[DATASET — start]

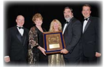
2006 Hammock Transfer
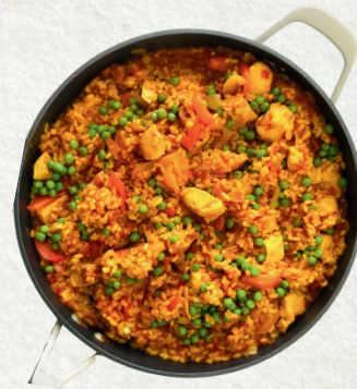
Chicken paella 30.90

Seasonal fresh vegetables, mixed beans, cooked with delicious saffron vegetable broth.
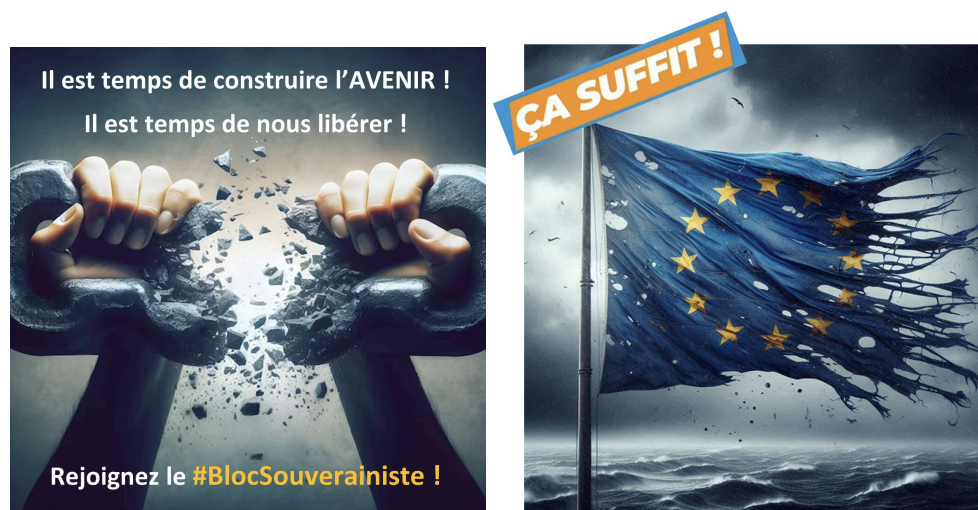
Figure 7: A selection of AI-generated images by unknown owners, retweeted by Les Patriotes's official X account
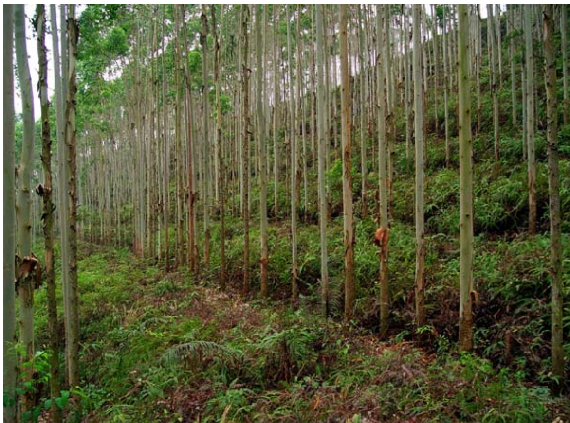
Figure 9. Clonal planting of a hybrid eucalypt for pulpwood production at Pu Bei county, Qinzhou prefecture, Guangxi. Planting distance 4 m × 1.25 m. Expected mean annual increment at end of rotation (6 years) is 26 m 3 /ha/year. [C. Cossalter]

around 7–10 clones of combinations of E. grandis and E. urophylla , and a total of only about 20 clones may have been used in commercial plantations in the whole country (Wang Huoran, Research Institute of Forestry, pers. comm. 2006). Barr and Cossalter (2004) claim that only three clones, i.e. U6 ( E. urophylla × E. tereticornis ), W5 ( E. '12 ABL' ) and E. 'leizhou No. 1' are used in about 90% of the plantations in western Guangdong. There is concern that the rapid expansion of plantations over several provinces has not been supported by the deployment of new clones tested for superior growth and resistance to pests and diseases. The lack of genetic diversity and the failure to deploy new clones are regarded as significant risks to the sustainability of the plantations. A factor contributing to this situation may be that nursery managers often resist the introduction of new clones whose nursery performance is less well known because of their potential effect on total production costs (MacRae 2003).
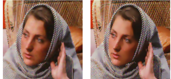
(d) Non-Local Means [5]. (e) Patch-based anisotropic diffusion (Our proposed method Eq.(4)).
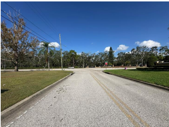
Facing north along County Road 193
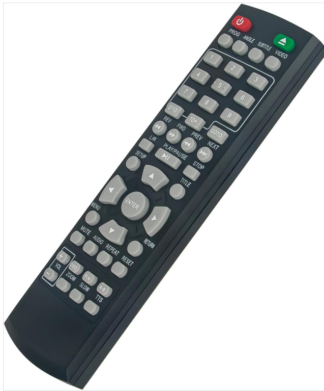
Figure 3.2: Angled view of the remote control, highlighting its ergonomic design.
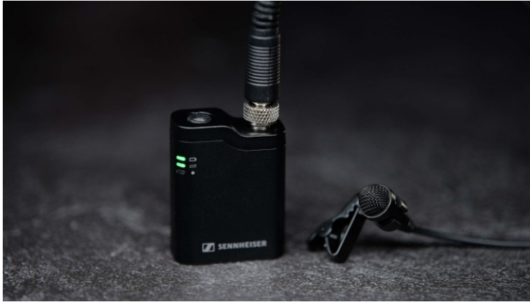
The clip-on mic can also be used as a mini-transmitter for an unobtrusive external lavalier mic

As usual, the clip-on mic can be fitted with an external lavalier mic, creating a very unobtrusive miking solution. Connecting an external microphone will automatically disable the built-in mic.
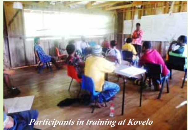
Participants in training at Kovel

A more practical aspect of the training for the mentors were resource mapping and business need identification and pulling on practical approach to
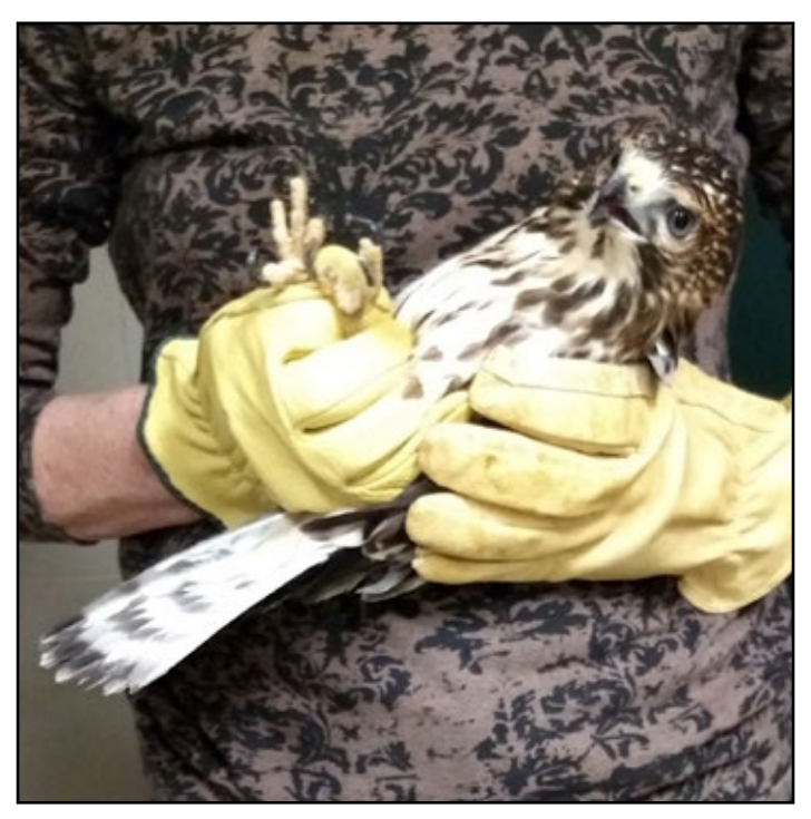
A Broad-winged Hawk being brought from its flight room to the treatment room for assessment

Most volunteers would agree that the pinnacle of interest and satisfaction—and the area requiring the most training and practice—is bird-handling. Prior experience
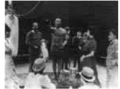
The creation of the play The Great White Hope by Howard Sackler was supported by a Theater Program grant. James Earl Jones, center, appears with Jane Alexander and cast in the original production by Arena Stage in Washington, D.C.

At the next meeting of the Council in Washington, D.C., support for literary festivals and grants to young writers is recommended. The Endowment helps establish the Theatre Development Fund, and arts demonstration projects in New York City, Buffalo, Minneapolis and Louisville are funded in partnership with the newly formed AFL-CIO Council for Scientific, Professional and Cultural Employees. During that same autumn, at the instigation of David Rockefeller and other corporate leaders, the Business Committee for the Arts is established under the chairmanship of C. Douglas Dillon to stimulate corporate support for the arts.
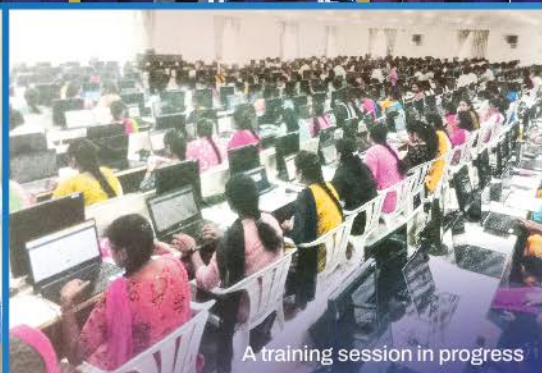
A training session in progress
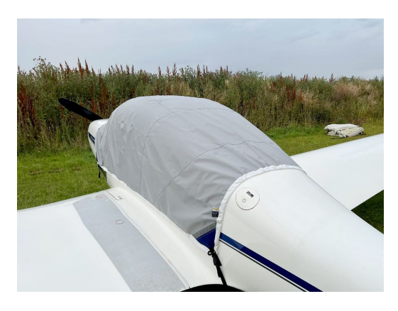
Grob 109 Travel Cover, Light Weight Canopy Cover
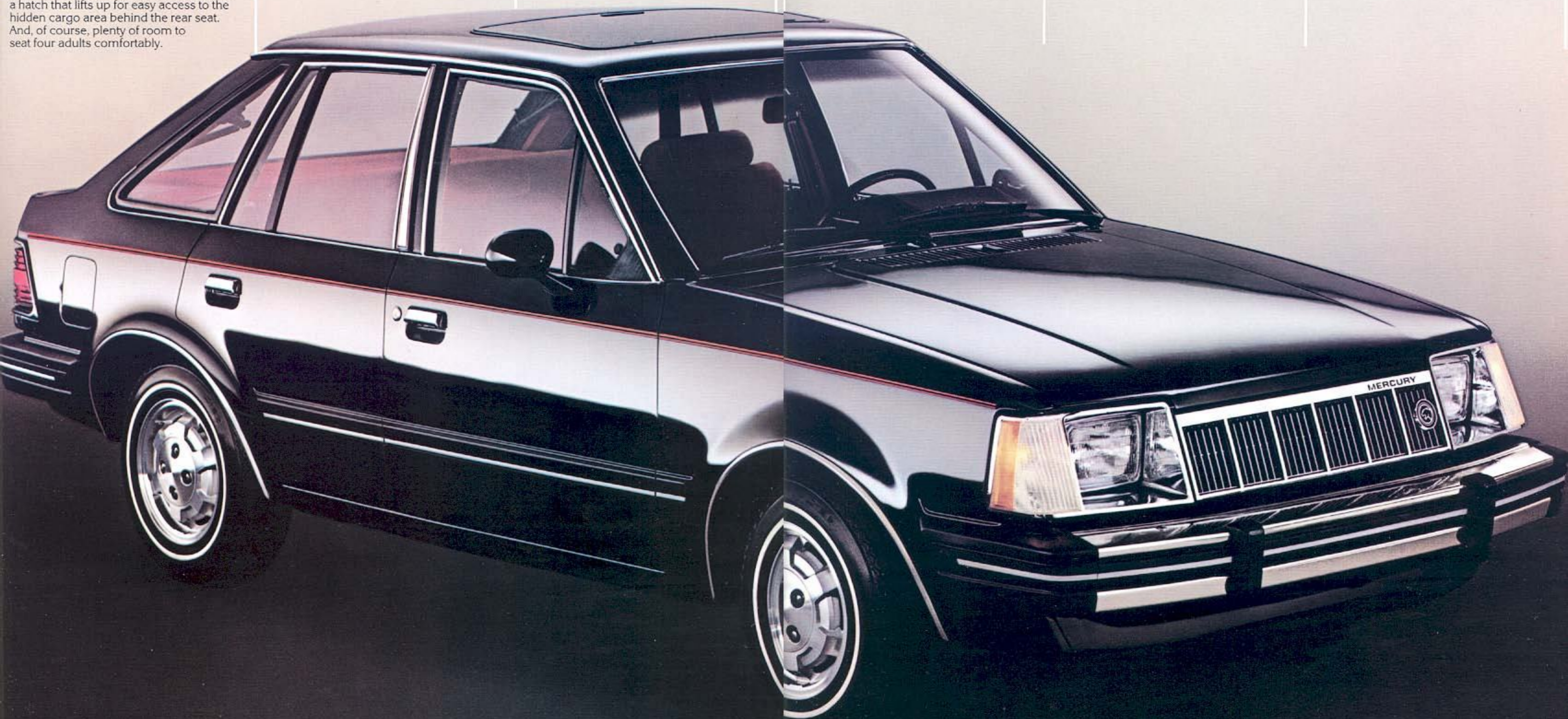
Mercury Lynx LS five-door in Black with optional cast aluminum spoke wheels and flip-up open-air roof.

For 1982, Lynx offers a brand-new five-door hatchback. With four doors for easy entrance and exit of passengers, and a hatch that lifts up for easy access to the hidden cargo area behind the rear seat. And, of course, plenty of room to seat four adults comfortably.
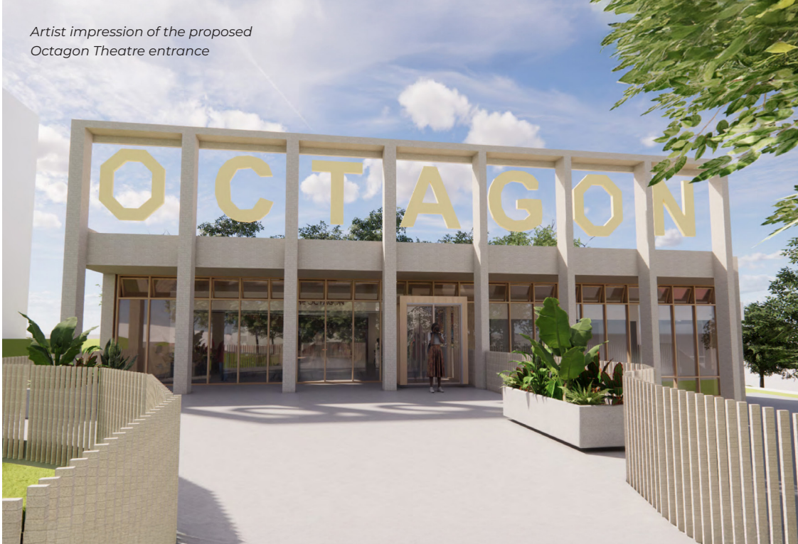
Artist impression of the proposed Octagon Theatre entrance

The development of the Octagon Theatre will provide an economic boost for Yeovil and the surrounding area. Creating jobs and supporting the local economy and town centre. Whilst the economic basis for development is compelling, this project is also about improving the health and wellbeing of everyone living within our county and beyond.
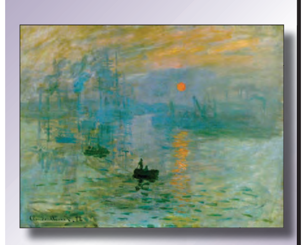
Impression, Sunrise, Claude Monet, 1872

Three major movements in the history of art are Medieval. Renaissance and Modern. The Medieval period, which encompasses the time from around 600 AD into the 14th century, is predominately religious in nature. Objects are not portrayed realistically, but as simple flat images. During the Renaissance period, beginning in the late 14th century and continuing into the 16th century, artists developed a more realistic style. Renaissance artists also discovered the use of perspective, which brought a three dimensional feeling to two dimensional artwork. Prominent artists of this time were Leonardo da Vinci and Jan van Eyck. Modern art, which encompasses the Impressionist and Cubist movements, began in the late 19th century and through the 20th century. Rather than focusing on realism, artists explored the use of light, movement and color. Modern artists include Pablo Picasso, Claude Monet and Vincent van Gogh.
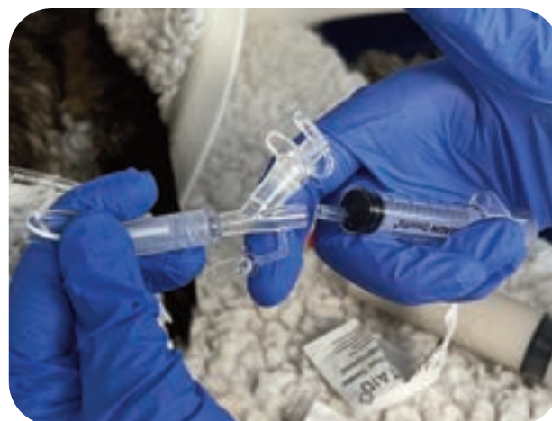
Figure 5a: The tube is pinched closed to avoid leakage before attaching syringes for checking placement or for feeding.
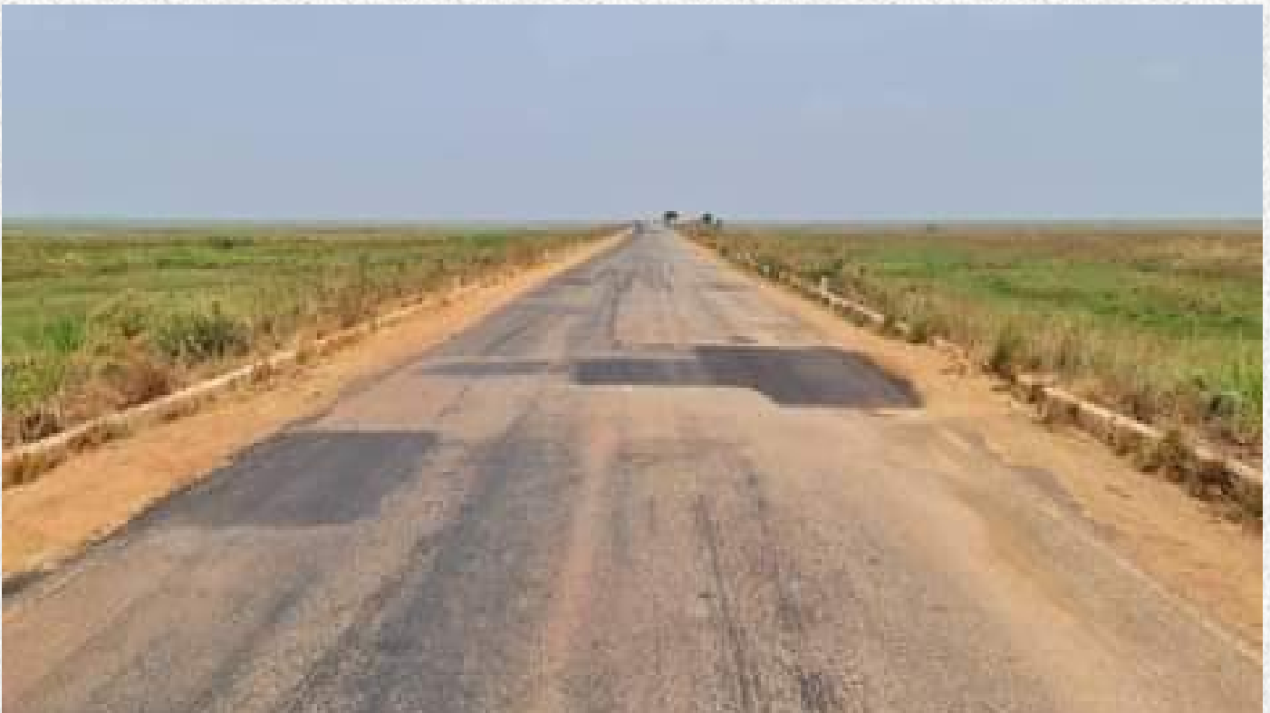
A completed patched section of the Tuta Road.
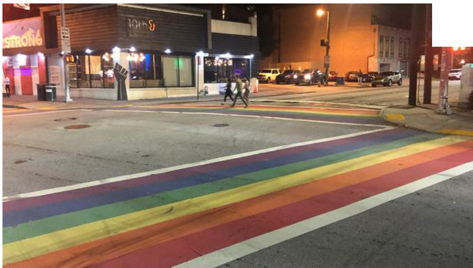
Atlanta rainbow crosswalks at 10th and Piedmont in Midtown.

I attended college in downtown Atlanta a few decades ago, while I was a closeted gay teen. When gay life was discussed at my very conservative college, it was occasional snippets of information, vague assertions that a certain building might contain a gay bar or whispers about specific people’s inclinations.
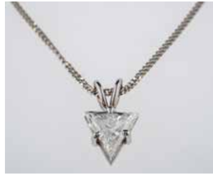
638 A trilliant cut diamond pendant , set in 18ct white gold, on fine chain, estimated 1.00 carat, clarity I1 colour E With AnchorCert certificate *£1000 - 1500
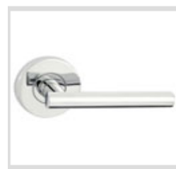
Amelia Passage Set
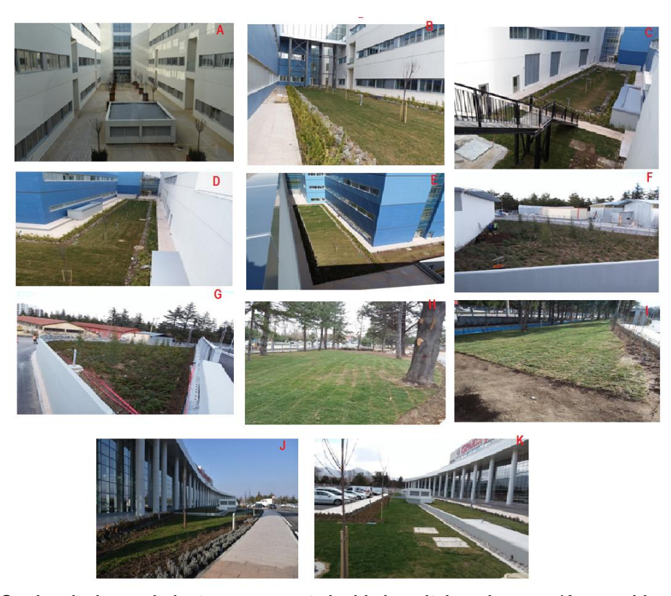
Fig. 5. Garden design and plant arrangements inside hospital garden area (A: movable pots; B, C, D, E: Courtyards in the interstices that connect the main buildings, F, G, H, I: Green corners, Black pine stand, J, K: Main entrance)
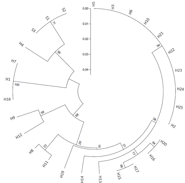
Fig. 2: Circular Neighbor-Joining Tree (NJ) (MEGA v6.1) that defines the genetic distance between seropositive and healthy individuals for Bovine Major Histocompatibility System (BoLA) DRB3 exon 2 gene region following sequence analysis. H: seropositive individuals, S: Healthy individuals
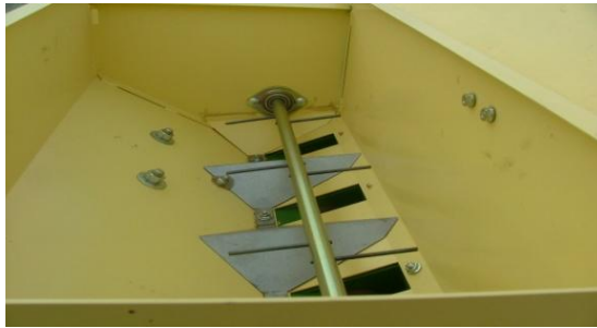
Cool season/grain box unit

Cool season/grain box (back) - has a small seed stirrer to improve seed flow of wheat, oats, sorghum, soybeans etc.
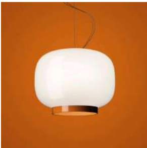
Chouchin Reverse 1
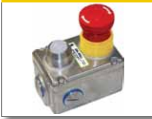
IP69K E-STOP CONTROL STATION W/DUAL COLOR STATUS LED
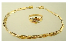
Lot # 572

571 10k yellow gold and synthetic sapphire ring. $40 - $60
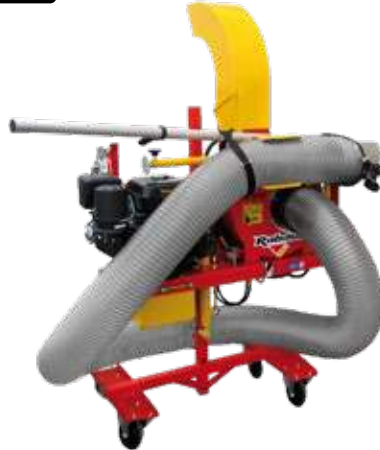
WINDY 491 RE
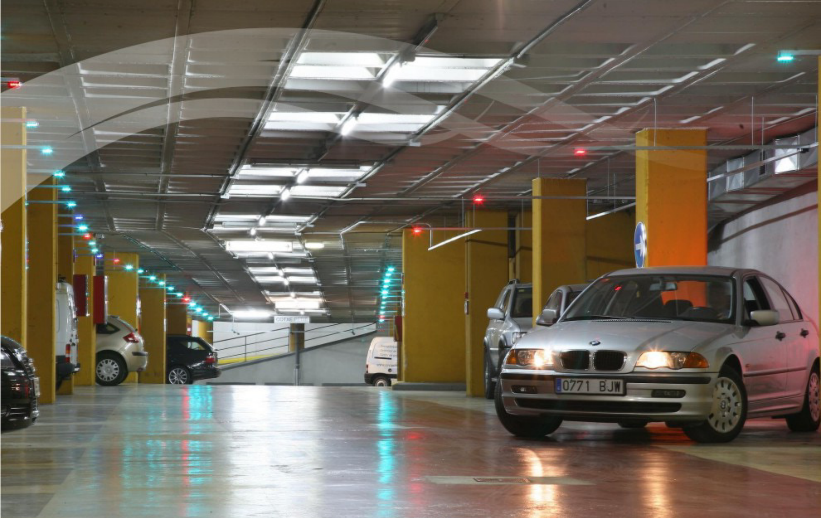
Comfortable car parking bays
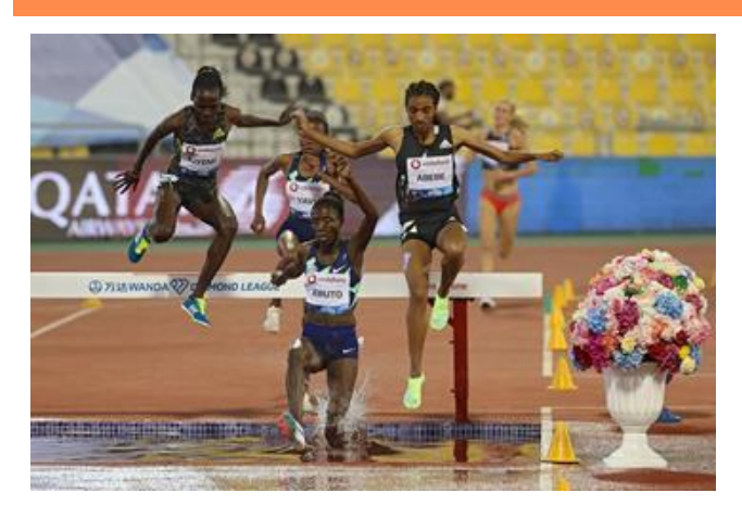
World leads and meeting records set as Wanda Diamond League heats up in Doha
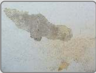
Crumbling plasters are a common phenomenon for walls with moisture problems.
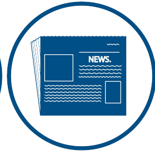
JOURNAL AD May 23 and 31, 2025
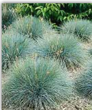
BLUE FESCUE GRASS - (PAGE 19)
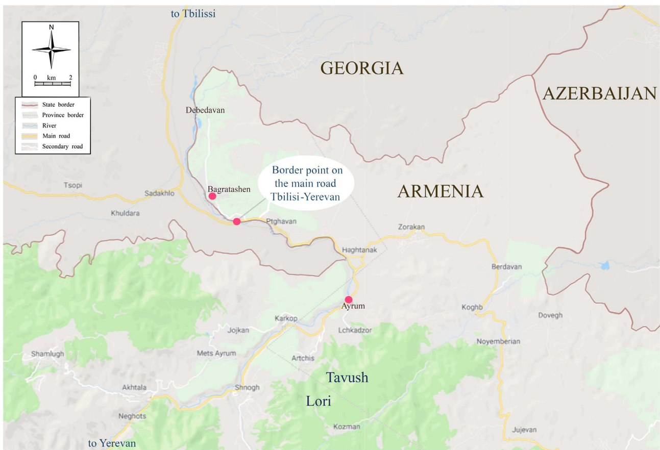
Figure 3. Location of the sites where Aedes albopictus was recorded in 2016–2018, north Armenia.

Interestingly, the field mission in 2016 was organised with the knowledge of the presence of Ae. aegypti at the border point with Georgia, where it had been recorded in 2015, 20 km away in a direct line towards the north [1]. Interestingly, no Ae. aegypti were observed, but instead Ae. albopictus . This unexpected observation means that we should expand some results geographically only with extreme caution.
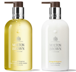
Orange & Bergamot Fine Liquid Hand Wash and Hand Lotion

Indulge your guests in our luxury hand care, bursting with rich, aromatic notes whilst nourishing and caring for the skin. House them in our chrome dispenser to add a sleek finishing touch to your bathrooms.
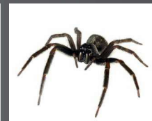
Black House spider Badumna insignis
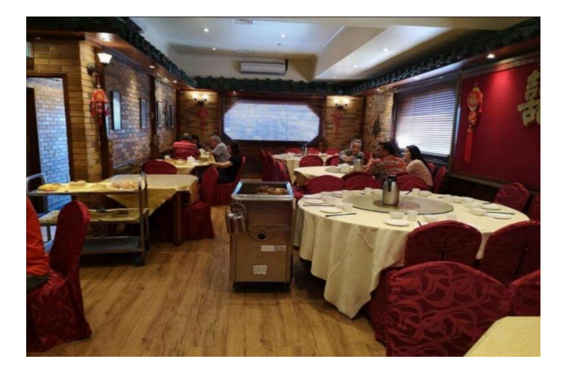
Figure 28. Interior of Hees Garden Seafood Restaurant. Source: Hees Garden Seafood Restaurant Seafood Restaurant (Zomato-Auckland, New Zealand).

[DATASET — finish]

Go back to the listing above and reproduce, exactly, the stretch from the line bearing "BLUE FESCUE GRASS - (PAGE 19)" through the line bearing "Figure 3. Location", without its pictures.

ANSWER SPACE:
BLUE FESCUE GRASS - (PAGE 19)
Figure 3. Location of the sites where Aedes albopictus was recorded in 2016–2018, north Armenia.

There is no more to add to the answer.